This is the first study that derived a dietary pattern specifically correlated with estrogen levels. The dietary pattern derived with this method had modest association with estradiol and estrone sulfate but was not associated with post-menopausal breast cancer. Data on the association between dietary patterns and estrogen levels are scarce. In this cohort, a higher Alternate Healthy Eating Index (AHEI) was associated with lower concentrations of estradiol [5
] and in a small 6-month intervention study, the Mediterranean diet resulted in lower levels of estradiol without any appreciable difference in weight change compared with the typical diet group [3
]. Although the AHEI was associated with a lower risk of ER- breast cancer [21
], this subtype is unlikely to be strongly influenced by estrogen levels. Therefore, although lower estrogen was observed with higher AHEI score, the components of AHEI likely influenced breast cancer risk through other mechanisms.
RRR overcomes the weak association between single foods and biomarker levels by being able to derive a dietary pattern that is correlated with multiple biomarkers. Although the RRR procedure has been applied to breast cancer in two studies, results were mixed and the response variables were dietary factors [11
]. A dietary pattern associated with fatty acid intake, characterized by low intake of bread, fruit juices, but high intake of processed meat, fish, and fats was associated with fatty acids intake, was associated with higher risk of breast cancer [12
]. On the other hand, a diet correlated with glycemic load, characterized by higher intakes of sweets, refined grains, and salty snacks, had no association with breast cancer [11
]. The strength of association between RRR patterns and breast cancer depends on the correlation between the RRR patterns and biomarkers, as well as the strength of association between biomarkers and breast cancer. Although we observed a significant association between the dietary pattern and estrogens, the correlation may be was insufficiently strong to have represented a change in a magnitude that would influence breast cancer risk.

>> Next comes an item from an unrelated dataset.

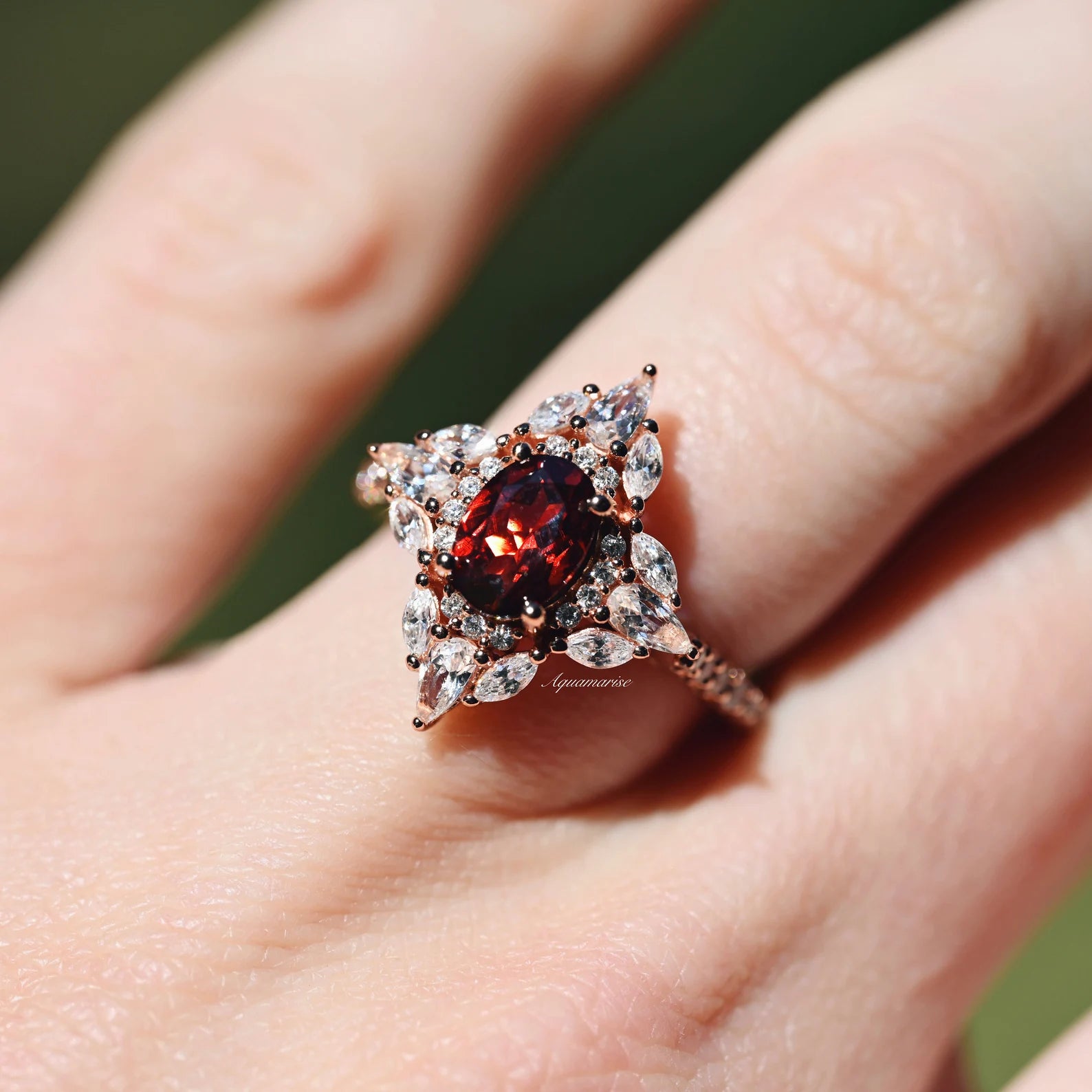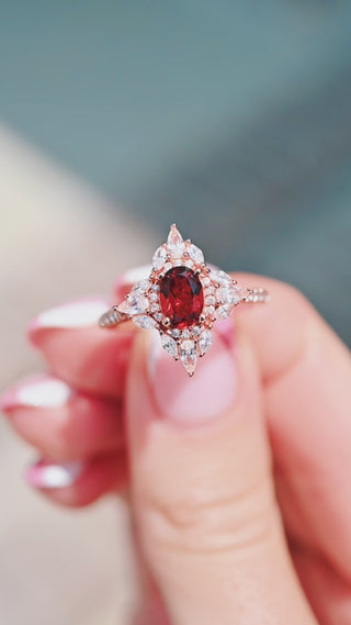 Gorgeous vintage inspired garnet ring made of 14k rose gold over 925 solid sterling silver, making a simple but elegant statement piece. This ring is perfect to wear as engagement ring, promise ring, or birthstone ring.

This study included a substantial sample to identify food groups correlated with estrogen, and a large number of cases to separately examine ER+ and ER− tumors. We had detailed information on potential confounders but since lifestyle factors were self-reported, some level of measurement error was inevitable. The sample size for the estrogens was substantial, but that does not guarantee that the distribution would sufficiently reflect the distribution of these biomarkers in the main cohort.
In conclusion, although a diet pattern characterized by higher intakes of red meat, legumes, and pizza, but lower intakes of coffee and whole grains was modestly associated with estradiol and ES, it was not associated with postmenopausal breast cancer risk. Although we did not identify a dietary pattern with strong association with estrogens, other populations may consume different foods in different amounts that may find otherwise. Therefore, the association between food groups and estrogen levels and their relationship with breast cancer should be explored in other populations.